(Dataset extract Opens)

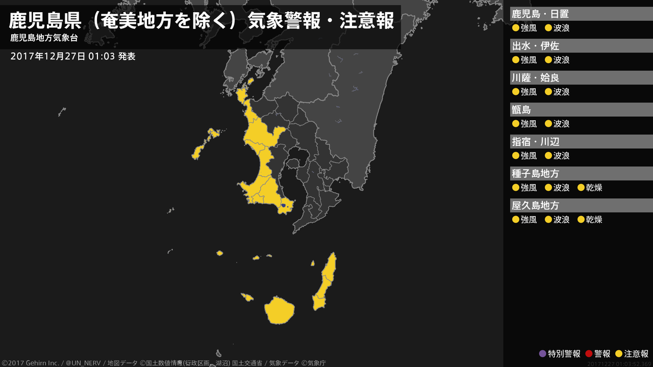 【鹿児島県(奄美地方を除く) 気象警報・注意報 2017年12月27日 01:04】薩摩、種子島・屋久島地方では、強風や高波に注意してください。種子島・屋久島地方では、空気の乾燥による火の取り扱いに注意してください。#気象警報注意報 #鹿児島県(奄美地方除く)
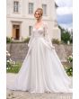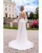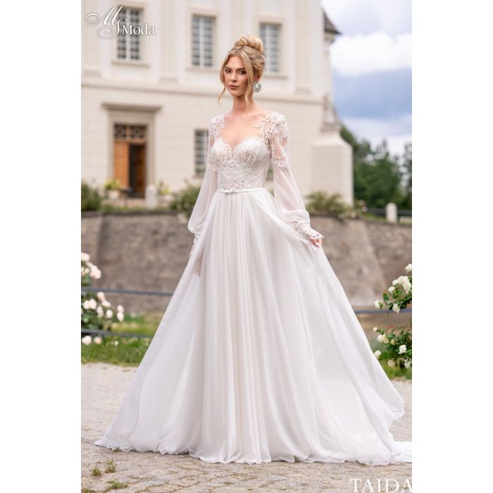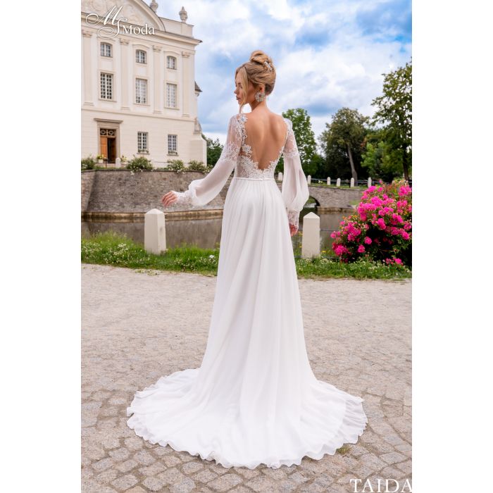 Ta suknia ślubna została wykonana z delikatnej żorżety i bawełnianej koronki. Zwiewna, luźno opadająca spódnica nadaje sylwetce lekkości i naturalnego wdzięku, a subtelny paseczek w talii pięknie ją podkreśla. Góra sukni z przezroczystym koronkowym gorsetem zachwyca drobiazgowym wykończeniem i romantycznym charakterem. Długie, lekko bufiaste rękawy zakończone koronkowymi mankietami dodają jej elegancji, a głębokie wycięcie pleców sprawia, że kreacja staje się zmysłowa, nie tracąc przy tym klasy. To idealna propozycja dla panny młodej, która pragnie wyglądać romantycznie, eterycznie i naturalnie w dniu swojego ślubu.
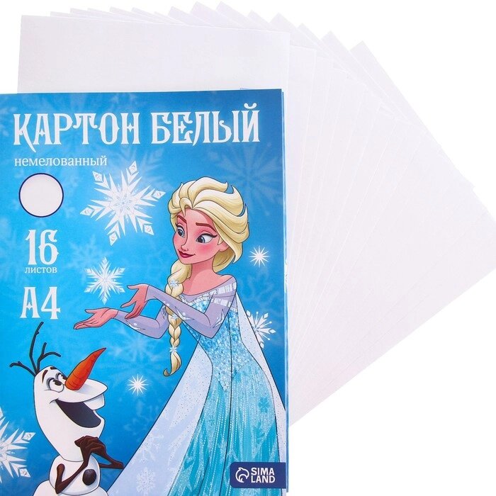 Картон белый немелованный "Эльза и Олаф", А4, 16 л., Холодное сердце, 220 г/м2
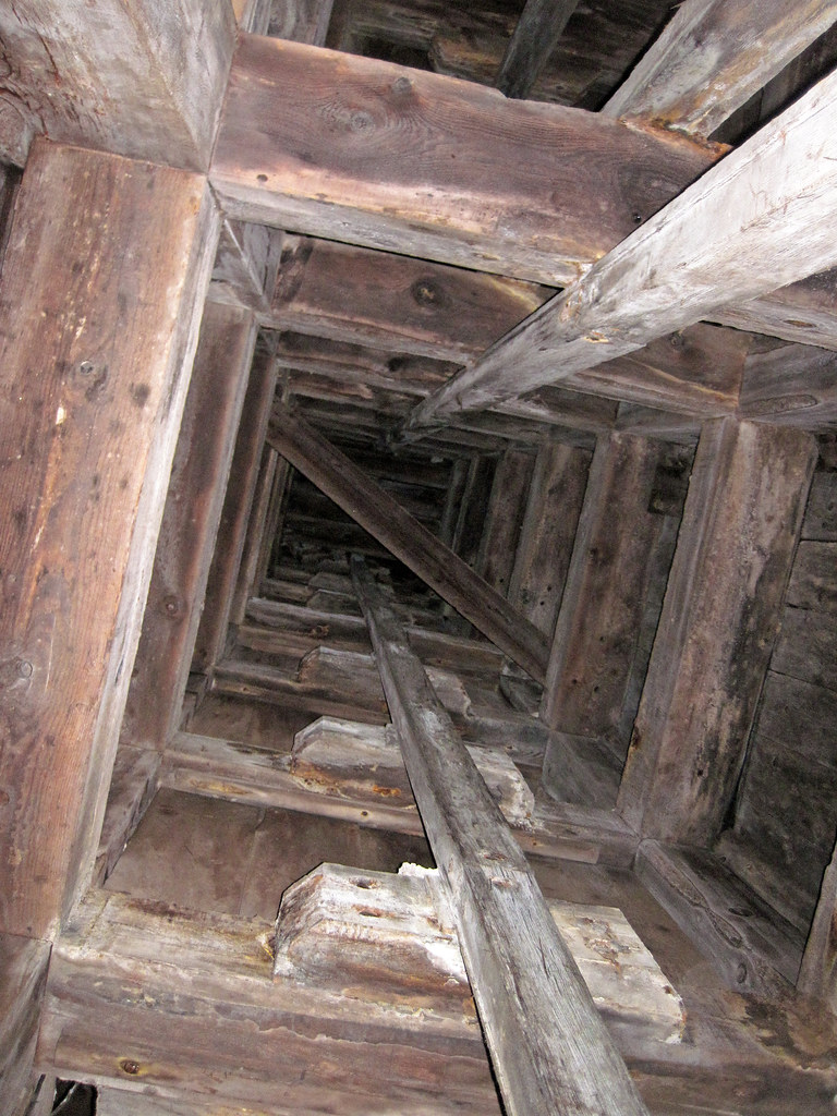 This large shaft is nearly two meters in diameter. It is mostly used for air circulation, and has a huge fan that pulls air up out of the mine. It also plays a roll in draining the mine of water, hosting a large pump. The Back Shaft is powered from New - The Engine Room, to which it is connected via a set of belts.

(Dataset extract Closes)

_Exercise goal_
Retype the data above exactly; pictures are not part of the copy.

_Final answer_
 【鹿児島県(奄美地方を除く) 気象警報・注意報 2017年12月27日 01:04】薩摩、種子島・屋久島地方では、強風や高波に注意してください。種子島・屋久島地方では、空気の乾燥による火の取り扱いに注意してください。#気象警報注意報 #鹿児島県(奄美地方除く)
 Ta suknia ślubna została wykonana z delikatnej żorżety i bawełnianej koronki. Zwiewna, luźno opadająca spódnica nadaje sylwetce lekkości i naturalnego wdzięku, a subtelny paseczek w talii pięknie ją podkreśla. Góra sukni z przezroczystym koronkowym gorsetem zachwyca drobiazgowym wykończeniem i romantycznym charakterem. Długie, lekko bufiaste rękawy zakończone koronkowymi mankietami dodają jej elegancji, a głębokie wycięcie pleców sprawia, że kreacja staje się zmysłowa, nie tracąc przy tym klasy. To idealna propozycja dla panny młodej, która pragnie wyglądać romantycznie, eterycznie i naturalnie w dniu swojego ślubu.
 Картон белый немелованный "Эльза и Олаф", А4, 16 л., Холодное сердце, 220 г/м2
 This large shaft is nearly two meters in diameter. It is mostly used for air circulation, and has a huge fan that pulls air up out of the mine. It also plays a roll in draining the mine of water, hosting a large pump. The Back Shaft is powered from New - The Engine Room, to which it is connected via a set of belts.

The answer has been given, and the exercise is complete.